Leaving the pictures aside, reproduce the data in full and word for word.

Stored data:
--------------------

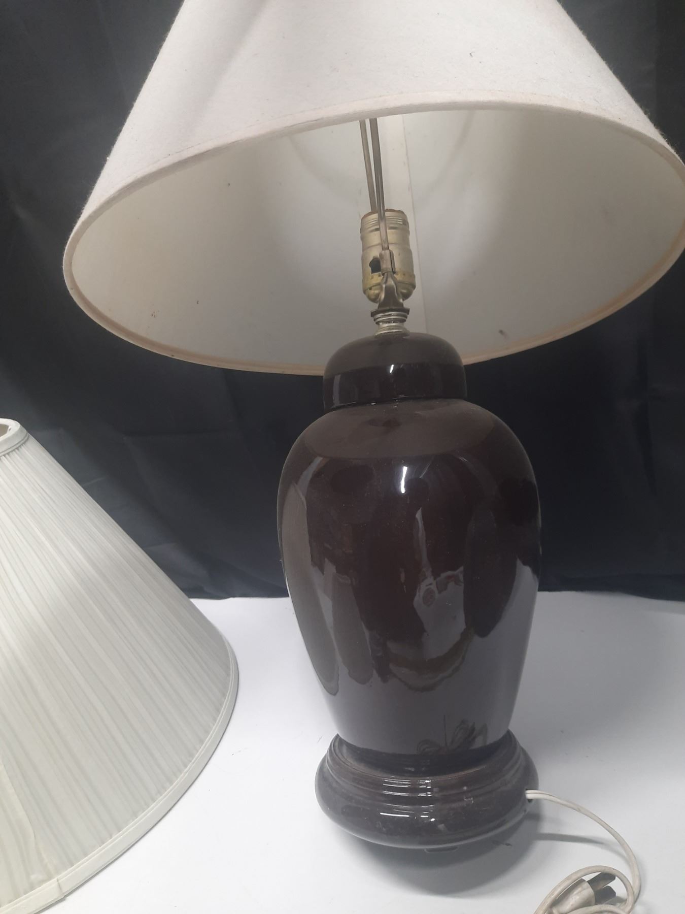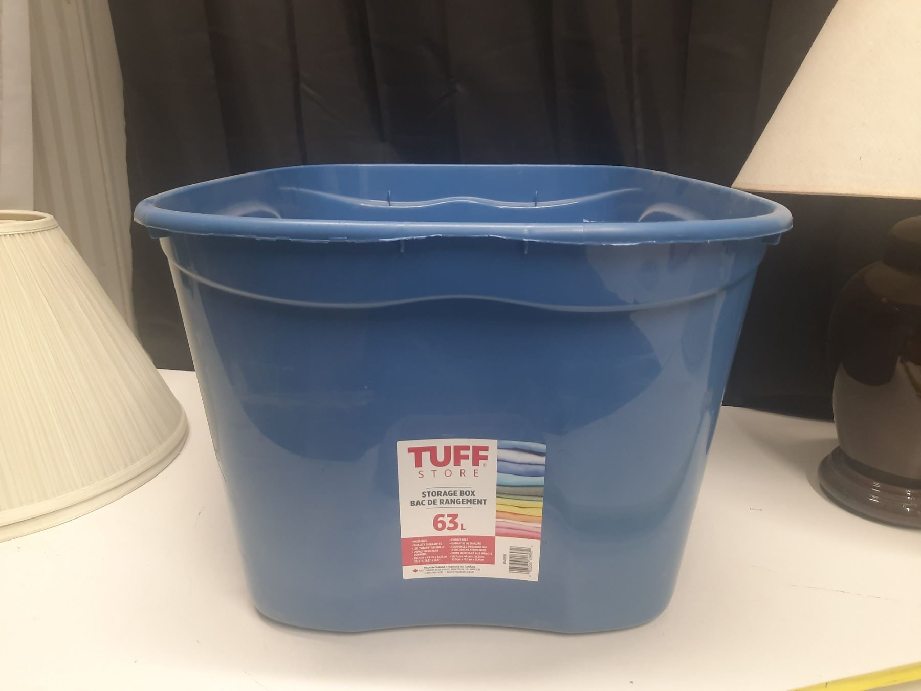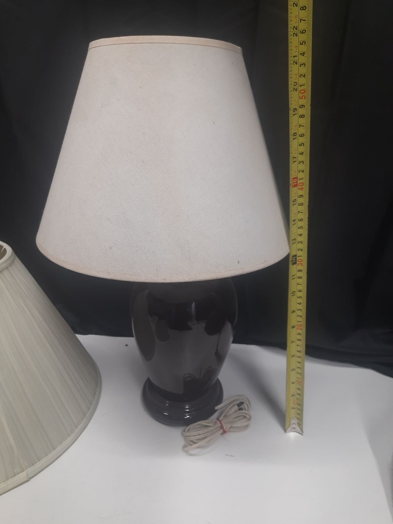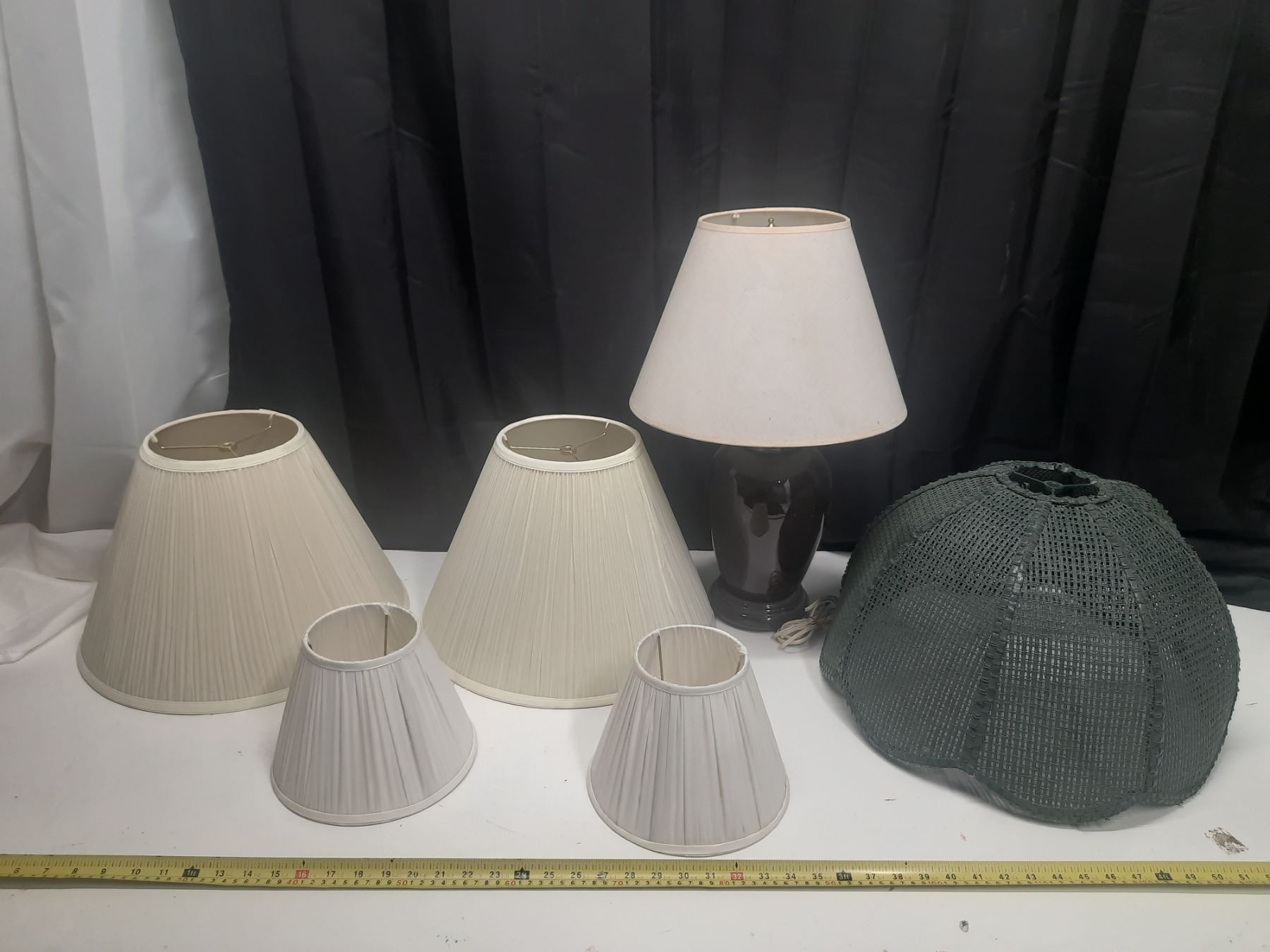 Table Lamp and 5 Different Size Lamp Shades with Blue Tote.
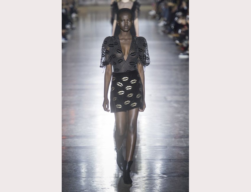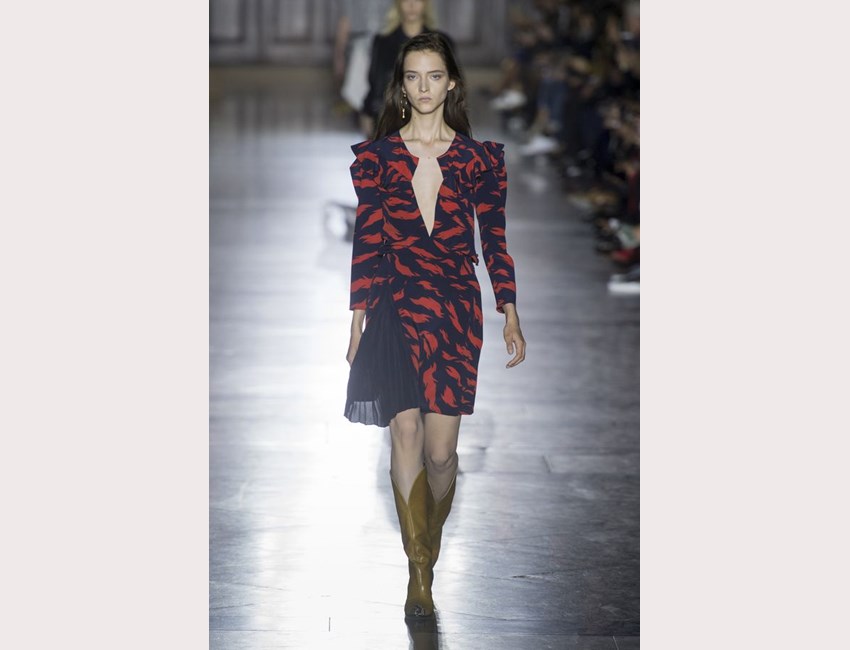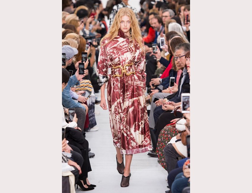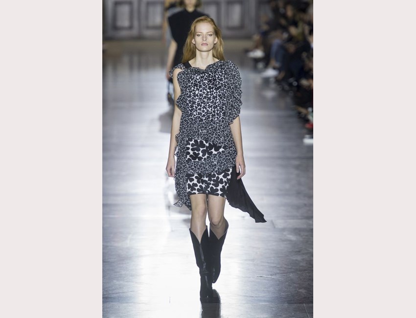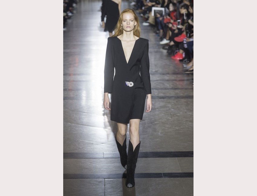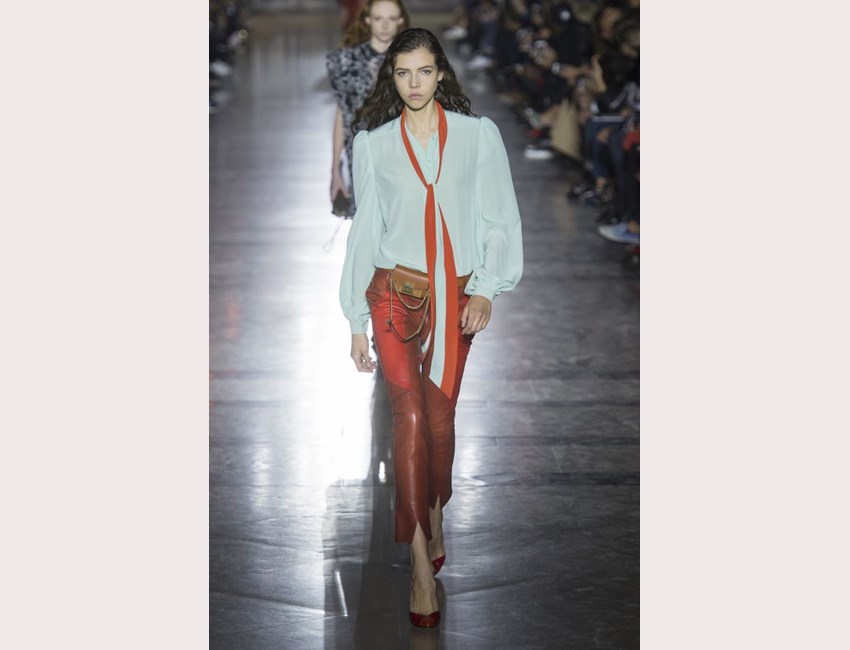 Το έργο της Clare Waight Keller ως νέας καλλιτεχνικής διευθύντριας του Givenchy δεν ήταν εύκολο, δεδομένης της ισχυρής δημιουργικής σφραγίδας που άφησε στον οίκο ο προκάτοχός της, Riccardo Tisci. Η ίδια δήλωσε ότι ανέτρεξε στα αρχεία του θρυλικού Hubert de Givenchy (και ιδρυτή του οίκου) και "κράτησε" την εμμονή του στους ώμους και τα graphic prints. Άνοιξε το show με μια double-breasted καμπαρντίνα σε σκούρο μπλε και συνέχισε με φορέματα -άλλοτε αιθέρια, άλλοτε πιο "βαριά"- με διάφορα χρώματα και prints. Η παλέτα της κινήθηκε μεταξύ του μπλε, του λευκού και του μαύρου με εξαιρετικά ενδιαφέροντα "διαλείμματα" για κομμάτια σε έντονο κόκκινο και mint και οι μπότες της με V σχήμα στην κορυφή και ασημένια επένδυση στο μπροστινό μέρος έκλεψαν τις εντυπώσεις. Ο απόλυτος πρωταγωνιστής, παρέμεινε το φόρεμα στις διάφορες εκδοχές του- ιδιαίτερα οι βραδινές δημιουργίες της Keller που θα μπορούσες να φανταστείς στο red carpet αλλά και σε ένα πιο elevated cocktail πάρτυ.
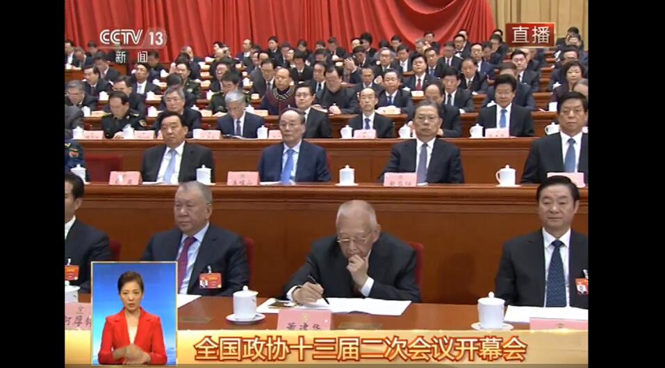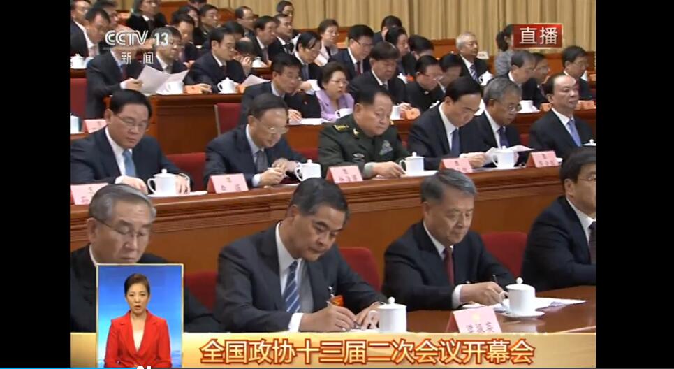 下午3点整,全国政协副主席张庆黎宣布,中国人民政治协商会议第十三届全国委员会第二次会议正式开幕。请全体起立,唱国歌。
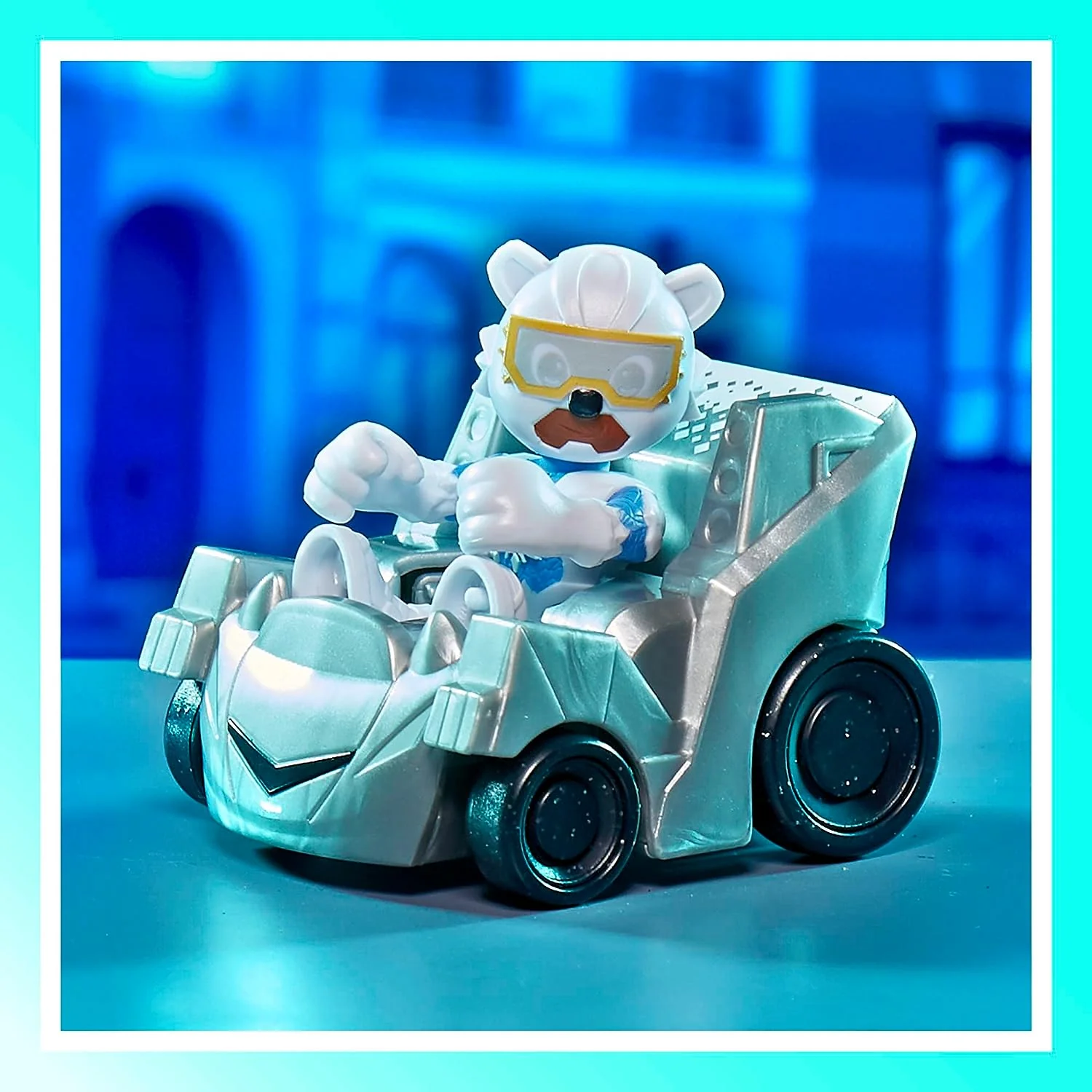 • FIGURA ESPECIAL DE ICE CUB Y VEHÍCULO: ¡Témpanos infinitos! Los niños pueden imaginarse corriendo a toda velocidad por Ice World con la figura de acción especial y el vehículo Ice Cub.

--------------------

Your response:
 Table Lamp and 5 Different Size Lamp Shades with Blue Tote.
 Το έργο της Clare Waight Keller ως νέας καλλιτεχνικής διευθύντριας του Givenchy δεν ήταν εύκολο, δεδομένης της ισχυρής δημιουργικής σφραγίδας που άφησε στον οίκο ο προκάτοχός της, Riccardo Tisci. Η ίδια δήλωσε ότι ανέτρεξε στα αρχεία του θρυλικού Hubert de Givenchy (και ιδρυτή του οίκου) και "κράτησε" την εμμονή του στους ώμους και τα graphic prints. Άνοιξε το show με μια double-breasted καμπαρντίνα σε σκούρο μπλε και συνέχισε με φορέματα -άλλοτε αιθέρια, άλλοτε πιο "βαριά"- με διάφορα χρώματα και prints. Η παλέτα της κινήθηκε μεταξύ του μπλε, του λευκού και του μαύρου με εξαιρετικά ενδιαφέροντα "διαλείμματα" για κομμάτια σε έντονο κόκκινο και mint και οι μπότες της με V σχήμα στην κορυφή και ασημένια επένδυση στο μπροστινό μέρος έκλεψαν τις εντυπώσεις. Ο απόλυτος πρωταγωνιστής, παρέμεινε το φόρεμα στις διάφορες εκδοχές του- ιδιαίτερα οι βραδινές δημιουργίες της Keller που θα μπορούσες να φανταστείς στο red carpet αλλά και σε ένα πιο elevated cocktail πάρτυ.
 下午3点整,全国政协副主席张庆黎宣布,中国人民政治协商会议第十三届全国委员会第二次会议正式开幕。请全体起立,唱国歌。
 • FIGURA ESPECIAL DE ICE CUB Y VEHÍCULO: ¡Témpanos infinitos! Los niños pueden imaginarse corriendo a toda velocidad por Ice World con la figura de acción especial y el vehículo Ice Cub.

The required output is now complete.